B. view the current PV details

C. Remove/dev/sdg from vg0

# Vgreduce vg0/dev/sdg

D. View PV again

/Dev/sdg is no longer in vg0.

E. View vg0 status

The vg0 size is reduced by 5 GB.

VG scale-down successful.

15. Delete LVM

If you want to completely remove the LVM, You need to reverse the creation steps.

15.1 umount File System

15.2 remove LV

# Lvremove/dev/vg0/lv1

15.3 remove VG

# Vgremove vg0

15.4 remove PV

# Pvremove/dev/md5/dev/sdf1/dev/sdg/dev/sdh

LVM removed successfully.

16. LVM snapshot (snapshot)

Snapshots are used to record the system information at that time, just like taking photos. If any data changes in the futureThe original data will be moved to the snapshot area, and the region that has not been changed will be shared by the snapshot area and the file system.
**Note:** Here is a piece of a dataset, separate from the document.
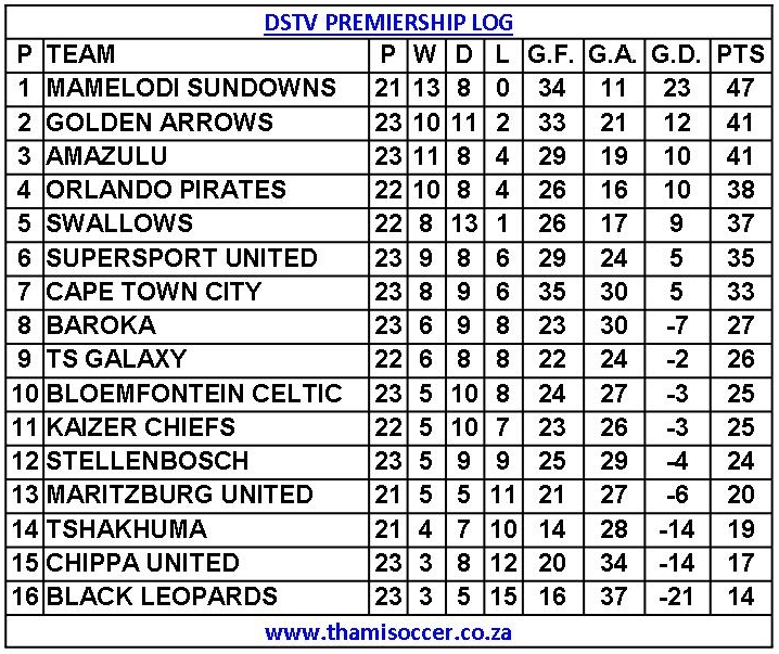 DStv Premiership Log 21 April 2021 Posted on 2021-04-212021-05-02 By Thami Mshengu No Comments on DStv Premiership Log 21 April 2021 (Visited 106 times, 1 visits today)Share this:TwitterWhatsAppPrintTumblrLinkedInFacebookTelegramRedditPocket Related Betway Premiership Tags:Mamelodi Sundowns

Backup of the snapshot area of the LVM system (the dotted line is the file system, and the long dotted line is the snapshot Area)

The figure on the left shows the initial creation of the System Snapshot zone. LVM reserves an area (three PE blocks on the left of the left) as the data storage location. At this time, there is no data in the snapshot zone, and the snapshot zone shares all PE data with the system zone. Therefore, you will see that the content in the snapshot zone is exactly the same as that in the file system. After the system is running for A while, if the data in area A is changed (as shown in the figure above), the system will move the data in the region to the snapshot area before the change, therefore, a pe is occupied in the snapshot area on the right to become A, while other blocks from B to I are still shared with the file system!

The Snapshot zone and the snapshot LV must be in the same VG.

16.1 create LV

# Lvcreate-L 100 M-n lv1 vg0

# Mkfs. ext4/dev/vg0/lv1

# Mount/dev/vg0/lv1/mnt/lv1/

16.2 write Test Data

# Touch/mnt/lv1/test_lvm_snapshot_1

# Touch/mnt/lv1/test_lvm_snapshot_2

# Cp-a/etc // mnt/lv1/

# Cp-a/boot // mnt/lv1/

16.3 create a snapshot

# Lvcreate-L 80 M-s-n lv1snap/dev/vg0/lv1

Note: Create a snapshot named "/dev/vg0/lv1" and its size is 80 mb and its name is "lv1snap.

# Lvdisplay

The LV Size of/dev/vg0/lv1snap is 100 MB, and the usage is 0.01%.

16.4 mount the created snapshot to view

/Mnt/lv1 and/mnt/snapshot are identical.

16.5 modify an archive

16.6 view again

The snapshot usage is 10.36%, and the original data has been changed.

16.7 pack and back up the data in snapshot to prepare for restoration

16.8 uninstall and remove snapshot

16.9 uninstall and format/mnt/lv1 and clear data

16.10 restore Data

We can see that the raw data has been successfully restored.

The LVM snapshot experiment is successful.